▶ [Task instructions] Produce an exact transcription of the listing below, omitting the pictures.

▶ [Information provided]
******************************

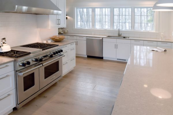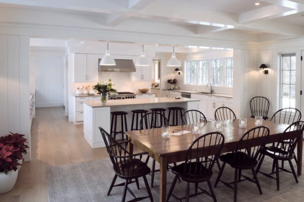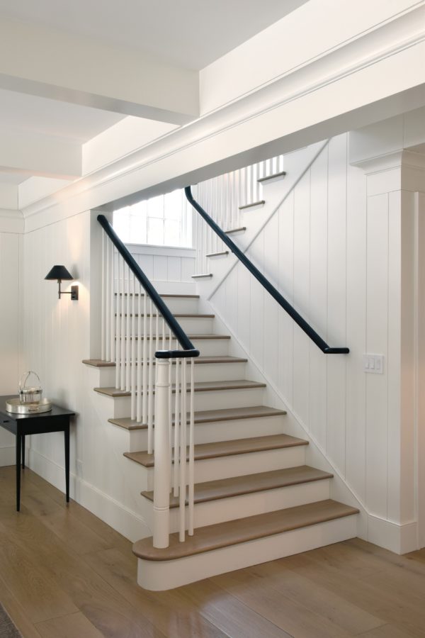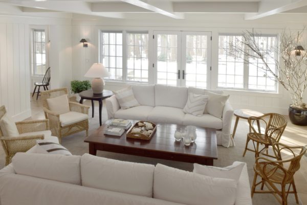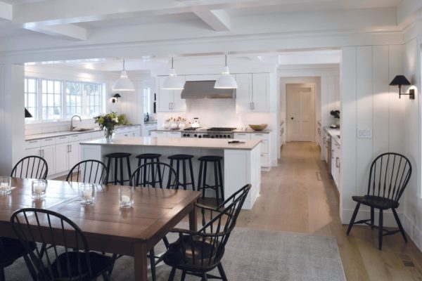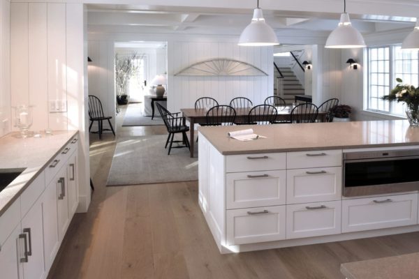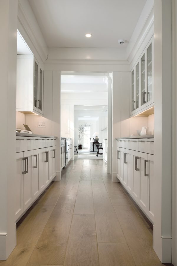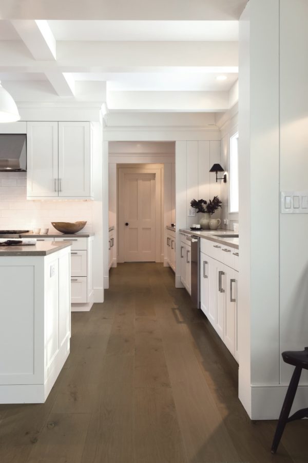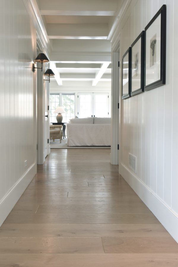This sanctuary-like home is light, bright, and airy with a relaxed yet elegant finish. White paneled walls and white beams forming the coffered ceiling let the light fill the space. Influenced by Scandinavian décor, the wide plank floor strikes the perfect balance of serenity in the design.
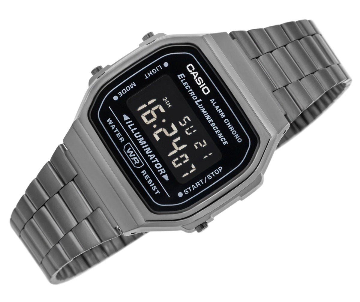 Cyfrowy zegarek dla osób, które cenią ponadczasowy styl i funkcjonalność w codziennym wydaniu. Jego kompaktowa, lekko geometryczna koperta w połączeniu z klasyczną metalową bransoletą nawiązuje do estetyki retro, nadając całości charakteru, który pasuje zarówno do codziennych, jak i bardziej uporządkowanych stylizacji. Model z linii Casio Vintage wyróżnia się czytelnym, cyfrowym wyświetlaczem i smukłą formą, dzięki czemu świetnie prezentuje się na nadgarstku i pozostaje wygodny w noszeniu.
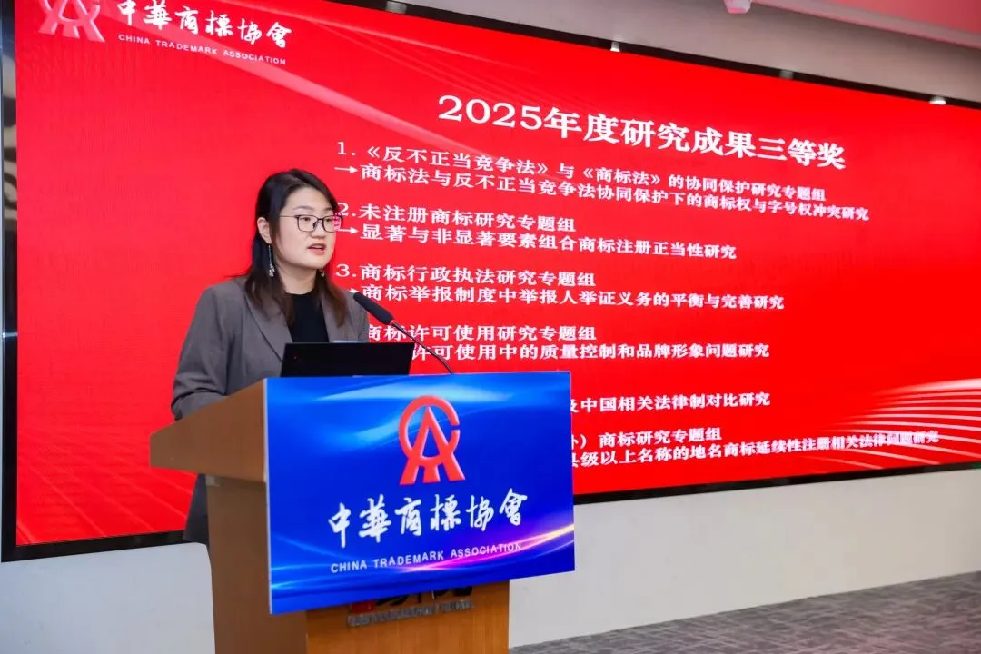 中华商标协会秘书长助理(挂职)郑楠发布了商标法律前沿问题研究专题组2025年度优秀研究成果评选结果及优秀联合主持人名单。她介绍,相关研究成果将陆续在《中华商标》杂志发表,为行业提供参考与学习资源。
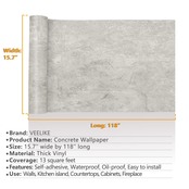 【サイズと素材】このライトグレーのコンクリート調壁紙シールは、サイズ:幅40cmx長さ300cm、面積は1ロールあたり1.2平方メートルです。他の壁紙シールより厚くて、高品質なポリ塩化ビニル製、耐久性あり、破れにくいです。

******************************

▶ [Reply to the exercise]
This sanctuary-like home is light, bright, and airy with a relaxed yet elegant finish. White paneled walls and white beams forming the coffered ceiling let the light fill the space. Influenced by Scandinavian décor, the wide plank floor strikes the perfect balance of serenity in the design.
 Cyfrowy zegarek dla osób, które cenią ponadczasowy styl i funkcjonalność w codziennym wydaniu. Jego kompaktowa, lekko geometryczna koperta w połączeniu z klasyczną metalową bransoletą nawiązuje do estetyki retro, nadając całości charakteru, który pasuje zarówno do codziennych, jak i bardziej uporządkowanych stylizacji. Model z linii Casio Vintage wyróżnia się czytelnym, cyfrowym wyświetlaczem i smukłą formą, dzięki czemu świetnie prezentuje się na nadgarstku i pozostaje wygodny w noszeniu.
 中华商标协会秘书长助理(挂职)郑楠发布了商标法律前沿问题研究专题组2025年度优秀研究成果评选结果及优秀联合主持人名单。她介绍,相关研究成果将陆续在《中华商标》杂志发表,为行业提供参考与学习资源。
 【サイズと素材】このライトグレーのコンクリート調壁紙シールは、サイズ:幅40cmx長さ300cm、面積は1ロールあたり1.2平方メートルです。他の壁紙シールより厚くて、高品質なポリ塩化ビニル製、耐久性あり、破れにくいです。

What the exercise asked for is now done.